The aim of the study is to evaluate the contribution of postoperative adjuvant radiotherapy (ART) and salvage radiotherapy (SRT) to oncological outcomes and side effects related to treatment in prostate cancer patients with adverse prognostic factors.

Method:

Between January 2000 and January 2020, 105 patients who received the diagnosis of prostate cancer and underwent ART or SRT in our clinic after open or robotic-assisted radical prostatectomy were evaluated retrospectively and 93 patients whose follow-ups were still ongoing were included in the study. Fifty-two patients received ART and 41 patients received SRT. External beam radiotherapy (EBRT) was applied to prostate bed (PB) with a median EBRT of 70 Gy (66-72 Gy) and/or pelvic lymphatics with 50 Gy. Biochemical relapse-free survival (bRFS) and treatment-related acute and late gastrointestinal (GI) and genitourinary (GU) toxicities were evaluated. The Mann-Whitney U and chi-square tests were used for univariate analysis to analyze clinicopathological variables associated with biochemical relapse-free and overall survival and to evaluate side effects. Logistic regression model was used for multivariate analysis to investigate the risk factors associated with toxicities.

Results:

The median age of the patients included in the study was 64 (50-82) years. The median follow-up period of the entire patient population was 30 months (range, 3-234 months). Adjuvant RT was applied to 52 patients with adverse pathological features such as postoperative surgical margin positivity, extracapsular extension and seminal vesicle involvement, while SRT was applied to 41 patients with a prostate-specific antigen level ≥0.2 ng/mL detected during follow-up and considered to have biochemical relapse. bRFS rates at 3 years were detected as 100% in the ART and 97.4% in the SRT arm. Acute and late side effects were evaluated according to the Radiation Therapy Oncology Group/European Organization for Research and Treatment of Cancer system, and acute and late GI and GU side effects were found to be similar in patients who underwent ART or SRT. In the multivariate logistic regression analysis in which the factors predicting the development of acute toxicity were investigated, the risk of developing acute toxicity was found to be higher in patients with lymph node involvement (p=0.047) and those who underwent whole pelvic RT (WPRT) compared to those who received RT applied only to PB (p= 0.002).

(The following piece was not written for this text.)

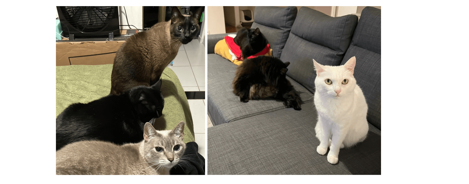 Muito importante, não perder nenhum prazo e sempre prestar a atenção em relação a passagem e conexões, se necessário. Meu gatos são tudo para mim, sempre tive pet e acho que não sei ficar sem eles ao meu lado. Tenho um dos meus gatos que está comigo desde os 35 dias de vida e hoje tem quase 9 anos. Sofri muito, quando trabalhei por 90 dias em outra cidade, sem estar com eles. E hoje, não quero mais passar por isso novamente. Por isso, foi muito importante fazer isso e levar eles comigo.” – Adriane Souza

When the patients who received WPRT using volumetric arc therapy (VMAT) were compared with those who had radiotherapy delivered only to PB, grade ≥2 acute GI side effects were detected in 4.2% and 1.4% of the patients, respectively (p=0.002). On the other hand, grade ≥2 acute GU side effects were found in 12.5% and 5.7% of the patients, respectively. When WPRT vs only PB was compared, any statistically significant difference was not found in terms of late toxicity.

Conclusion:

Postoperative radiotherapy improves biochemical relapse-free survival in patients with adverse prognostic factors. Despite low incidence of side effects, postoperative pelvic radiotherapy results in significant increases in the acute gastrointestinal toxicity rates. Advanced treatment techniques such as VMAT should be considered in pelvic radiotherapy so as to reduce the incidence of these side effects. It should be noted that in order to improve the quality of life of the patients, timely administration of early SRT showed comparable cancer control rates while reducing potential overtreatment toxicity.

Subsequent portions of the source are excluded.